3 Strikes To My Pelvis
I saw Dr. Speedy Mohler the other day and in his 5 minutes of passing through my room he notified me of these bullet points which were said faster than I could hear at the time but I replayed it in my head and figured the list out later:
1. I will have to get a new hip in 30-50 years
2. I have "3 strikes to my pelvis" (see below)

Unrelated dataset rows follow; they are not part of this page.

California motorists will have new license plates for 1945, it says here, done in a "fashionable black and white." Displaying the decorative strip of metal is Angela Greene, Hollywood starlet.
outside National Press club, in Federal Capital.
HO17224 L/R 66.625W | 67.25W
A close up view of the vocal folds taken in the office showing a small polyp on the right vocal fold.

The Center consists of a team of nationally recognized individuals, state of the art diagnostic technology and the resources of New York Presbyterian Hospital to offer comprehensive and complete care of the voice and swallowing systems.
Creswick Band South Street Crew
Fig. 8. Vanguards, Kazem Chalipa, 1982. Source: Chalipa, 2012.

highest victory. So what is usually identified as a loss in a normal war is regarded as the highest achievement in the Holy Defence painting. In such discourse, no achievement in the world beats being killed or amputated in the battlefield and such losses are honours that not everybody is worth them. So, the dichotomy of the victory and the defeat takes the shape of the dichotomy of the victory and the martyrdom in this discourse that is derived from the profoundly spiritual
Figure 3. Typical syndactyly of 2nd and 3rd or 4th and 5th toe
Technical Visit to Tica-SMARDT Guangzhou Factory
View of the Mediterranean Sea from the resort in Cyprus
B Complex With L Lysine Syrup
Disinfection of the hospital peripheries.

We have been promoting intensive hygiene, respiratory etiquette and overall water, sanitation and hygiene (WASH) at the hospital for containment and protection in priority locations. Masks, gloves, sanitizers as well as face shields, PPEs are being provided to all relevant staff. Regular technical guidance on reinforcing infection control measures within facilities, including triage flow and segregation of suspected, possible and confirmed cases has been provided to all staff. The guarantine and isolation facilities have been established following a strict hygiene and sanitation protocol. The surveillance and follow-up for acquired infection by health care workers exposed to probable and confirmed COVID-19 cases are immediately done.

3. I have some early osteoarthritis
4. I may need to consider some orthoscopic surgery to prevent the need for a new hip and to let me play volleyball
5. I am cancer-free and therefore discharged from his care
Yeah, 3 strikes to my pelvis. STRIKE 1: I played a lot of kicking sports when I was younger so I have some kind of impingement from extra bone growing or something (totally unrelated to the lymphoma), STRIKE 2: I had a big nasty tumor in my pelvis, STRIKE 3: I had radiation to my pelvis. Fortunately pelvisai do not work like baseball at-bats; apparently you get more than 3 strikes to your body parts before they strike-out and turn into garbage.

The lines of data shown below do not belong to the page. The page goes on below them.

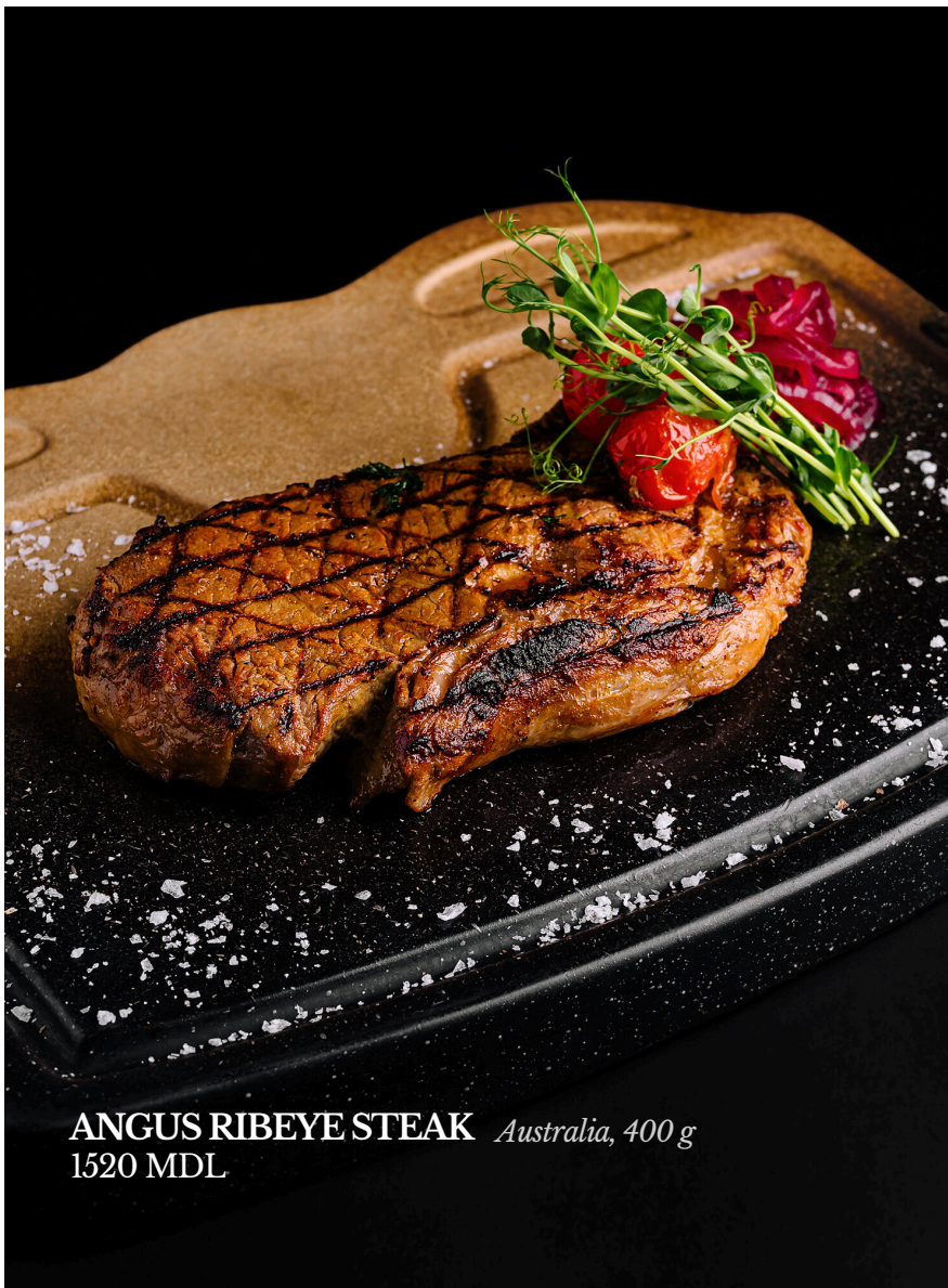
ANGUS RIBEYE STEAK Australia, 400 g 1520 MDL
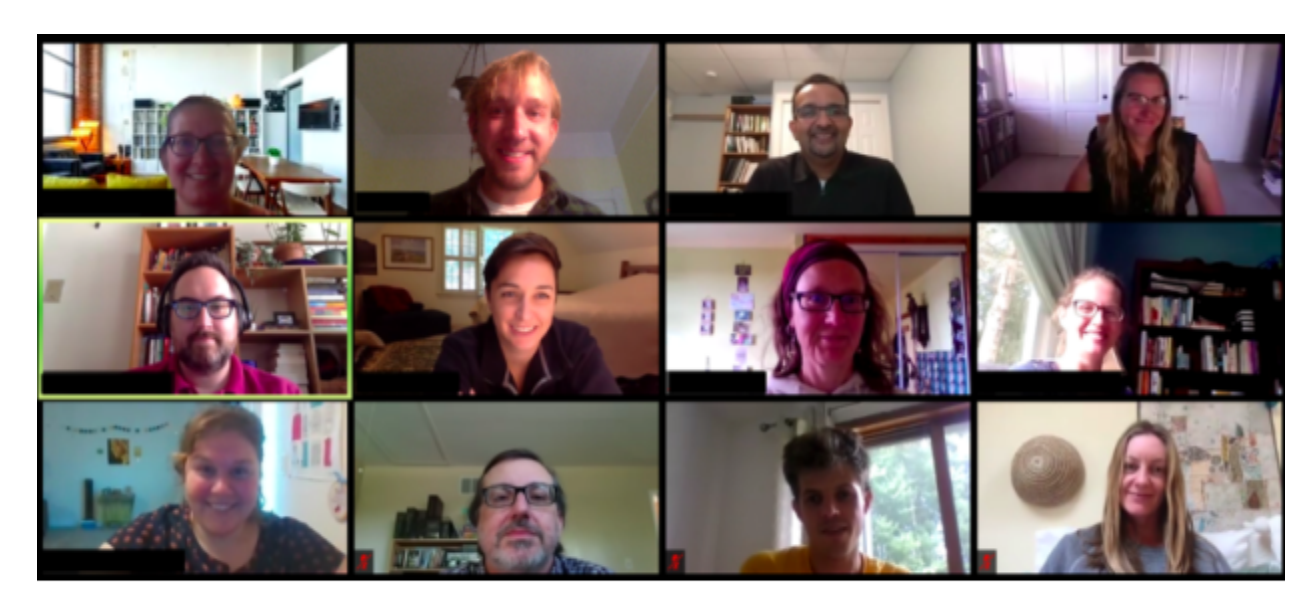
Wiki Education's Scholars & Scientists courses were on Zoom even pre-pandemic.
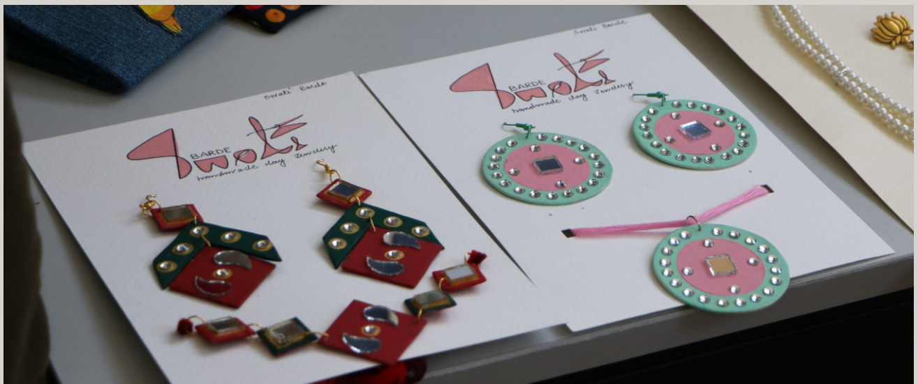
Collection of Fashion Accessories by Swati Barde

All court cases and legal matters if any will be dealt within the jurisdiction of Bangalore only.
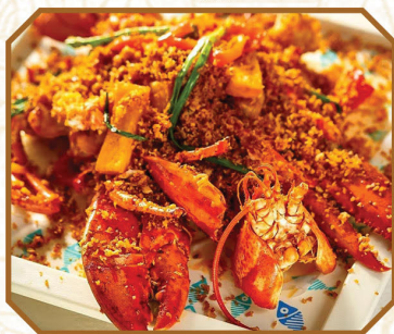
Deep Fried Lobster w/ w/ Chili Pepper
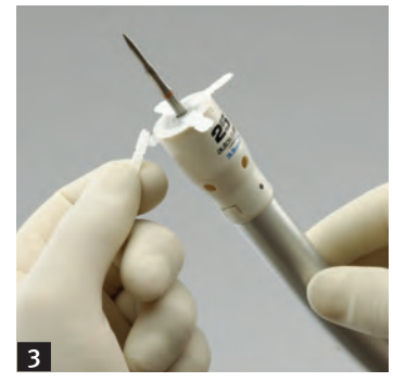
Carefully remove the backing paper from the adhesive tabs. Discard the backing
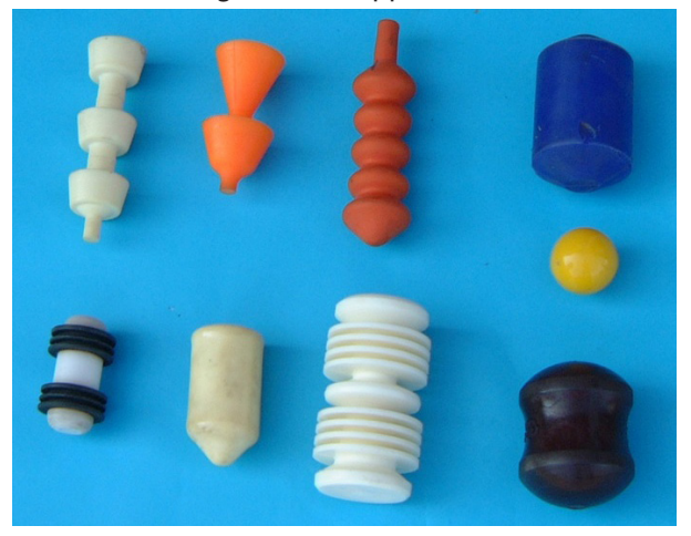
Figure 2. Example selection of pig designs

Figure 2 shows a cross section of available styles of pig used in small bore pipework (not all pigs shown are made from food grade, FDA approved materials [1]).
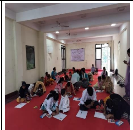
CWSN Participated in painting activities, on the occasion of IDPD
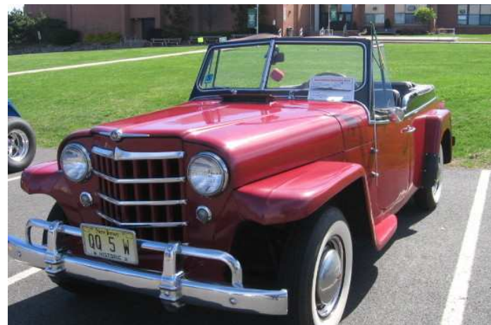
Remember the Jeepster?

They gave me a permanent handicapped parking placard, which is cool because it still hurts to walk and it tires me out. I have to park a ridiculous distance from the hospital for work if I don't have the handicap placard. So, I act like an old man now. I have a handicapped parking placard, I grunt and groan when I sit or stand up, I can't run, and I have trouble bending over.

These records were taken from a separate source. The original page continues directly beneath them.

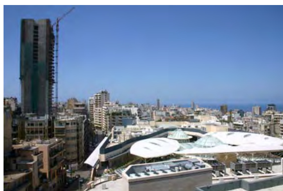
Figure 14. The ABC Mall in Ashrafieh and neighbouring tower
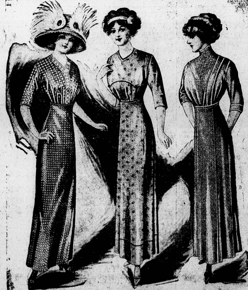
An Attractive Cambric Dress $2.35

Style 4--This is an exceptionally stylish summer dress, as above drawing, made in fast color chambray, trimmed with allover Swiss insertion and piped with plain to match, colors blue and pink stripe, best sizes 34 to 38, and for young ladies 16 and 18 years. PRICE $4.65
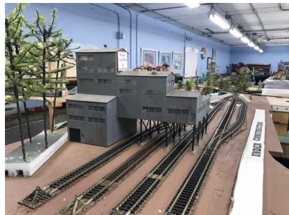
The coal operation on Main 4 Extension is taking shape. All track is down and operational, and switch machines (operated from a new panel on the end of the layout) are also operational.
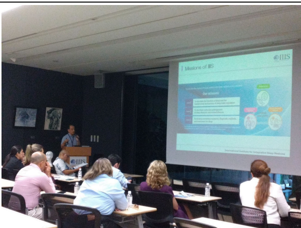
October 1 【Theme related lecture and observation】 International Institute for Integrative Sleep Medicine
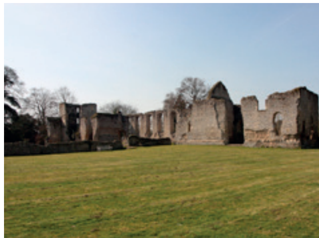
Below Left: The Bishop's Palace Ruins
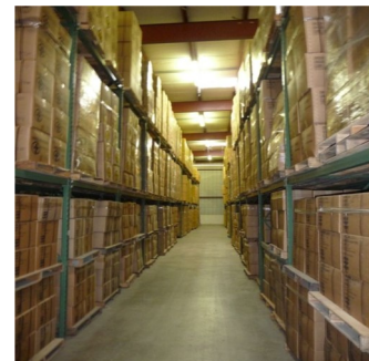
Kits ready to ship
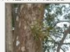
Myr_brys4250007.JPG Myrmecophila brysiana? Orchidaceae. Barranco,
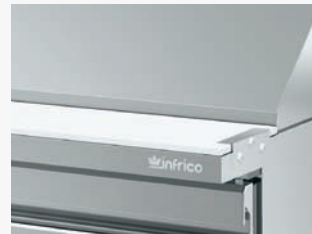
Cutting board 9-1/2" depth
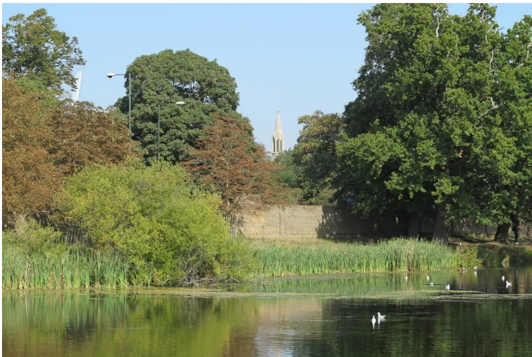
Plate 30. Glimpse of the spire of St. John's Church from the north-eastern edge of Hampton Court Park
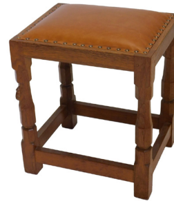
A Robert 'Mouseman' Thompson oak stool, with a brown leather padded top with studded border, chamfered part baluster legs, carved with mouse, 45cm high, 39cm wide. SOLD for £400

Next Tuesday I meet with Dr. King (sports medicine) to talk about rehabing/operating on my hip. Wednesday is my 6 month PET scan to be sure my body is clear of lymphoma.

5 Comments:
Doh, that stinks. I thought you and I were going to own up in some grass vball this summer :P
Matt
10:59 PM
haha i can see where the handicap placard could come in handy :)
see you on sunday!!!
4:02 PM
i'm glad you explained that stuff to me in person today so i could ask questions cuz you know me i'm such a CURIOUS, THOUGHTFUL, BRIGHT STAR of the FUTURE kinda person. (maybe you could use that in your letter? i'm trying to help you here, j-dawg, its corny but who knows).
i have complete confidence in your hip and your positive, not negative-nancy mind. by the way, a certain person who's name starts with a b is 19. so nope, not for you. my bad, i thought she was like 22.
FEEL BETTER!!!!! and thank you for laughing at my hit.
10:55 PM
That is why you have your Boy Friday!
11:05 PM
WOW! This reminds me of the Dave Ramsey Radio Show where people call in and yell "I'm debt free" while cutting up their old credit cards or running over them with a lawnmower. Isn't there some radio program where you could call in and should "I'm Cancer Free!" while taking a blow torch to your wheel chair or strapping it to a wooden raft and pushing it out to sea? You could start a celebration ritual for others who have come as far as you have in your recovery.
Thank you God for watching over Jason! Amen.